Elixir Pipeline - Configuration

14 January 2018

In the previous post I outlined the kind of pipline I wanted to achieve. Here is a sample from my unit tests:

test "can apply a transforamtion throught a module" do
  container =
    Pipeline.new()
    |> Pipeline.from(TestSource)
    |> Pipeline.transform(AddAllKeys)
    |> Pipeline.transform(fn(data) -> {:ok ,"The value is #{data[:sum]}"} end)
    |> Pipeline.write_into(TestSink)
    |> Scheduler.run()

  assert container.data == "The value is 7"
end

What I particularly like is that I can plug in entire modules as source, sink, and transforamtion. This means the pipline definitions can stay really high-level, while the details are explained in the lower-level module implementations.

One part that I thought was interesting is how configuration can float about with only having function and data-structures at our disposal. Because you may not be able to see if from the sample above, each source, sink, and transforamtion can configure itself and take external configuration from the call-site.

Below we can the Pipeline.Source module and its __using__(params) macro:

defmodule Pipeline.Source do
  @callback init(any()) :: any()
  @callback fetch_data(any()) :: {:ok, any()} | {:error, any() }

  defmacro __using__(_) do
    quote do
      @behaviour Pipeline.Source

      def init(params), do: {:ok, params}

      def fetch_data(_) do
        raise "fetch_data/1 was not implemented for #{inspect(__MODULE__)}"
      end

      defoverridable [init: 1, fetch_data: 1]
    end
  end
end

We can see that it defines two functions that any source must have: init/1 and fetch_data/1. Both functions take a params keyword list argument and the relationship between these two is particularly interesting.

The lifecycle of this module is that the pipline will first call init/1 with whatever parameters were giveen to the pipline.
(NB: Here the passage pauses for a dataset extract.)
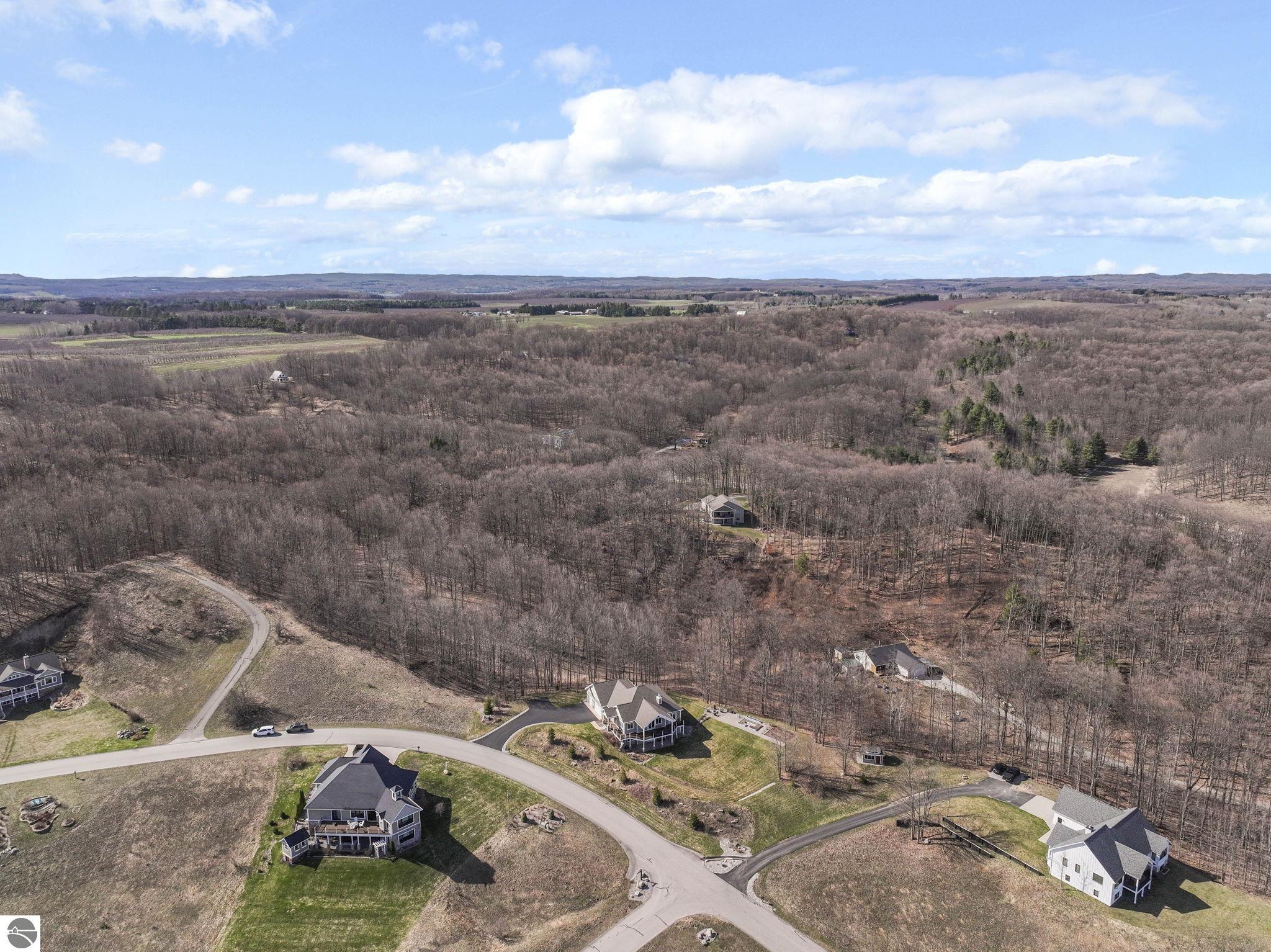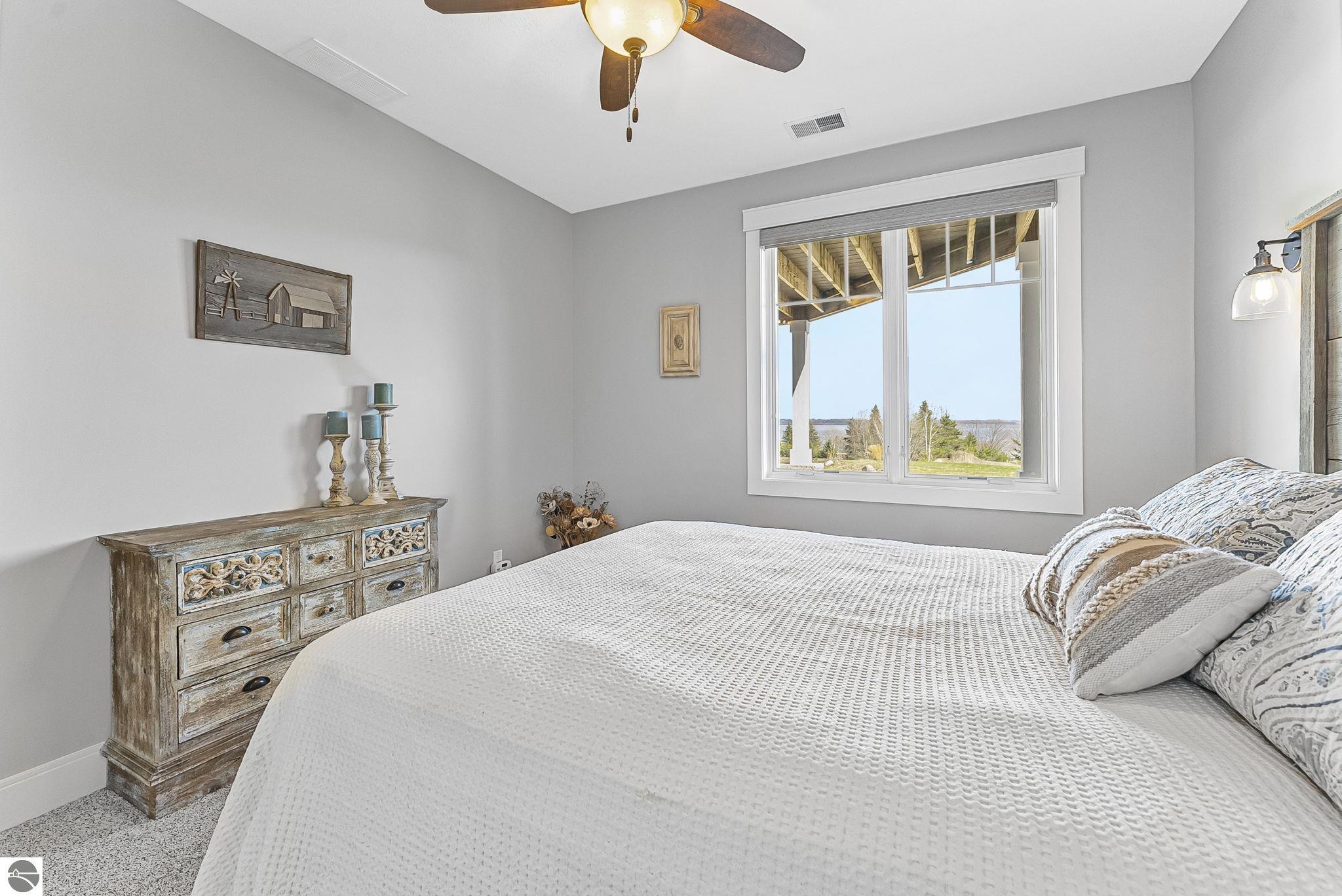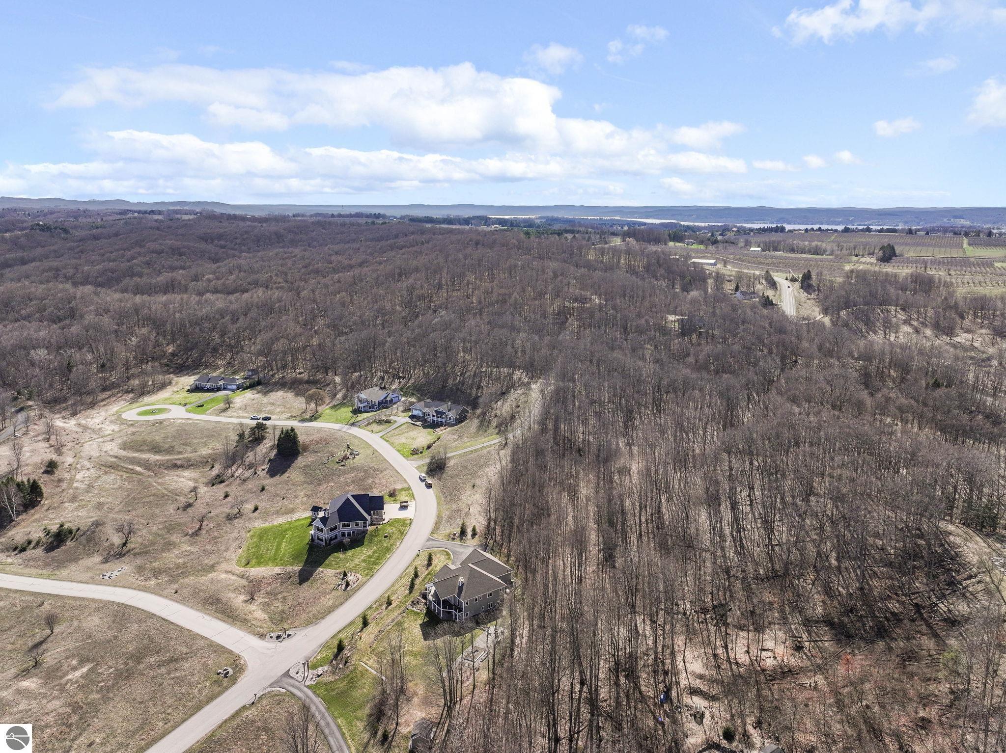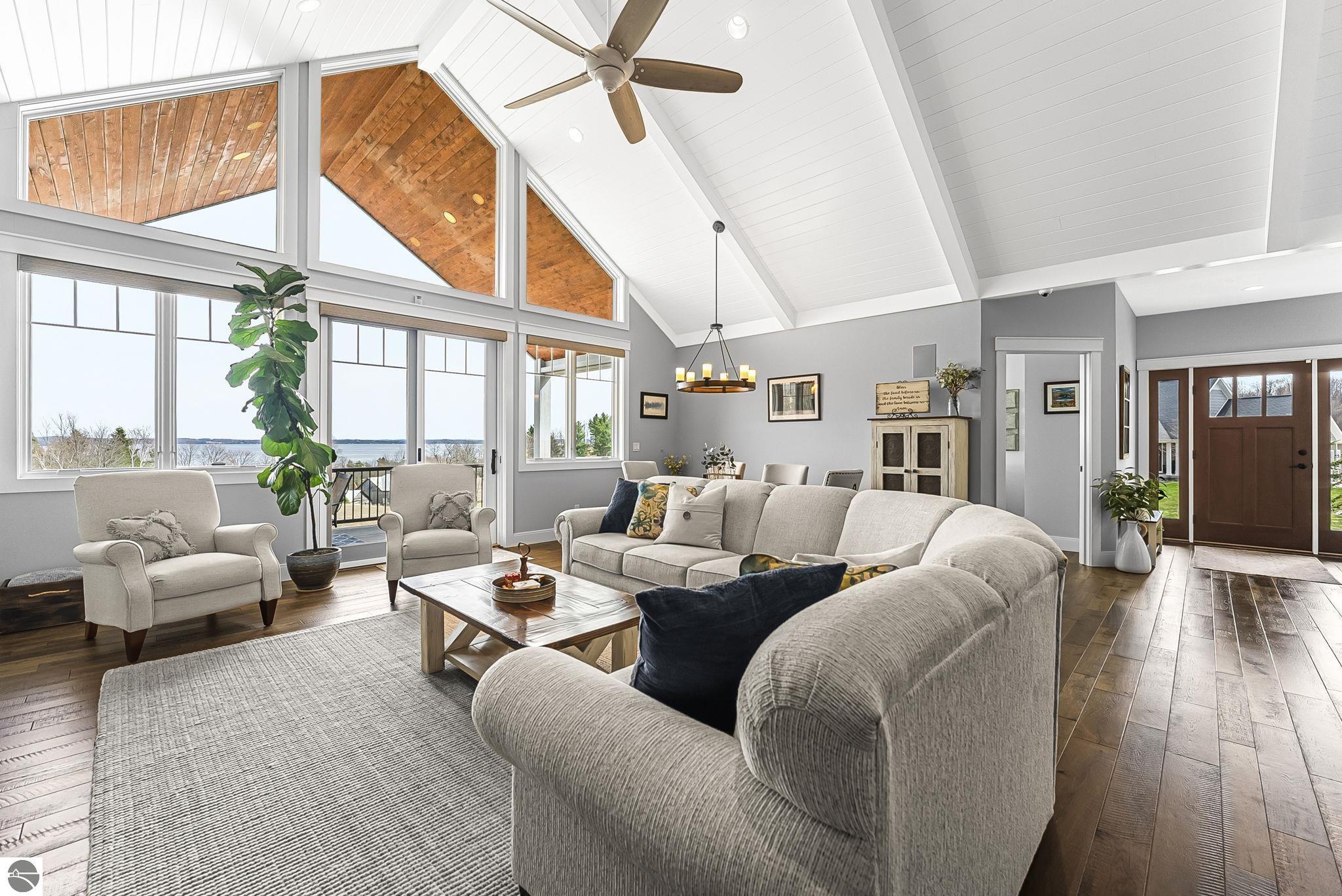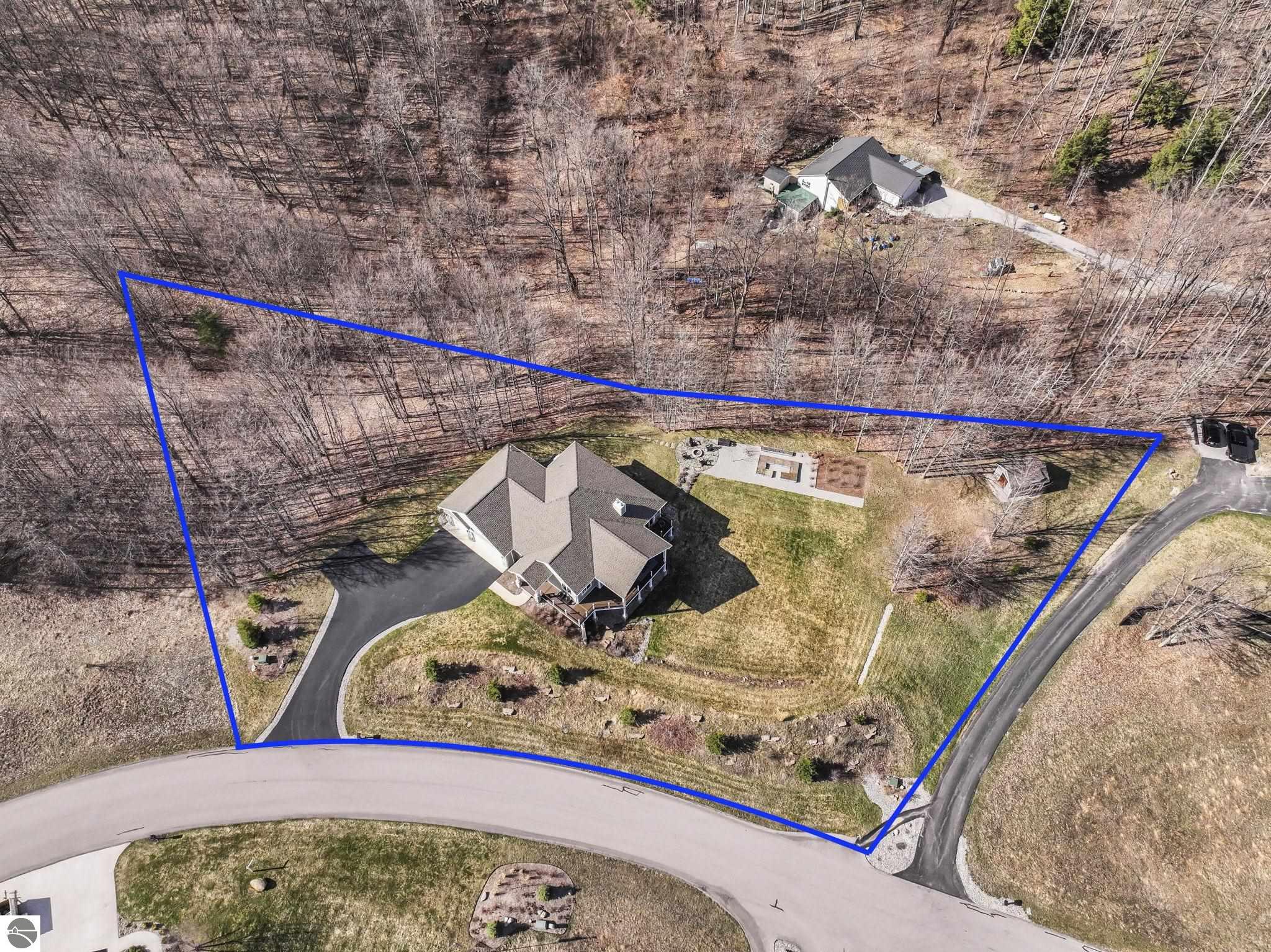 Breathtaking, unobstructed panoramic views of West Grand Traverse Bay and Power Island are showcased from the main living areas and all bedrooms in this custom Up North luxury home, ideally located just 10 minutes from Traverse City and Suttons Bay. Located in the sought-after Rolling Hills Estates subdivision, known for its collection of custom homes on spacious, well-appointed lots, the property offers convenient access to wineries, restaurants, breweries, and the Tart Trail. Situated on a 1.44-acre double parcel, the home features extensive professional landscaping representing a significant investment in thoughtfully designed outdoor living. Enjoy an immense wraparound Trex deck with privacy screen, a custom fire pit gathering area, and a beautiful paver patio off the walkout lower level, all positioned to take full advantage of the expansive bay views. The open-concept main level features vaulted shiplap ceilings with beams, expansive windows, hardwood flooring, and a chef’s kitchen with custom cabinetry, quartz countertops, and a walk-in pantry. Two gas fireplaces, located in the main living area and lower-level family room, provide warmth and ambiance. A fully integrated Control4 smart home system operates motorized blinds, lighting, sound, security system with cameras, thermostats, and garage doors. The walkout lower level includes a family room with surround sound, kitchenette, wine room, office, and three additional bedrooms, all designed to maximize comfort and flexibility. The home offers two en-suite bedrooms, including a main-level primary suite with a freestanding tub, walk-in shower, and heated floors, with heated floors also featured in the additional en-suite bath. The heated garage is fully finished with epoxy flooring, custom built-ins, and detailed trim work, plus hot and cold water. Additional features include Hardie Plank siding, Pella casement windows, dual-zone furnace, Generac, and a 12x14 custom shed. Measurements are estimated.

For example...

Pipeline.new()
|> Pipeline.from(TestSource, retries: 12, back_off: :linear)

...would mean init/1 gets called with [retries: 12, back_off: :linear]. In here is where the first bit of niftinyess comes in, inspired by Erlang and Elixir: init/1 can use those parameters, interpret them, expand on them or even load entirely new ones form the environment. The only mandate is to return a tuple {:ok, params} back to the caller.

Those params in turn, are passed right back in to fetch_data/1, when the caller decides its time to call it. It almost feels like a stateful object (after all, we are holding on to state of someting) but is build entirely on function and immutable data structures.

Here you can the see the bit of code that calls init/1 and then holds on to the parameters for later use:

@spec from(Pipeline.t, module(), keyword()) :: Pipeline.t
def from(pipeline, module, params \\ []) do
  %Pipeline{pipeline | source: initialize(module, params) }
end

defp initialize(module, params) do
  case module.init(params) do
    {:ok, new_params} -> {module, new_params}
    e -> raise "Error when initializing #{inspect(module)} with params #{inspect(params)} resulted in #{inspect(e)}"
  end
end

What we store in the %Pipeline{} struct is precisely the tuple of what module we called and what params we got back from its init.

When we then decide to execute the source, we see that both elements are brought together and some metadata from the pipline itself is merged in too:

defp call_source(%Pipeline{source: {module, params}, container: container} = pipeline) do
  Logger.log(:info, fn -> "Reading data from source (#{inspect(module)})" end)

  data = module.fetch_data(merge(params, pipeline))

  %{ pipeline | container: Container.update(container, data, :source) }
end

And here is the key takeaway from me:

I can lift all commonly used configuration into the init/1 method, yet for testing I can pass any bespoke parameters directly to fetchdata/1 without having to mess with any _dependency injection system.

By cleanly separating configuration from execution, I got testability for free,

Let's say my RemoteHTTPSource uses an HTTP library underneath. For my testing, it would be annoying if I had to spin up a remote server (or use bypass) just to test how it reacts to different responses. If I lift the depdency into a parameter it can be swapped in tests, like so:

defmodule RemoteHTTPSource do
  use Pipeline.Source

  def init(params) do
    client = Keyword.get(params, :client) || Application.get_env(:my_app, :http_client)
    {:ok, [client: client]}
  end

  def fetch_data(params) do
    client = Keyword.fetch!(params, :client)
    ...
  end
end

My unit test can then pass in a :client that has the same behaviour as a keyword in the params of fetch_data/1.

This pattern is not really new as its widely used in Erlang and Elixir. Rediscovering it and understanding what I can get from it (testability, predictablity) has been a blast!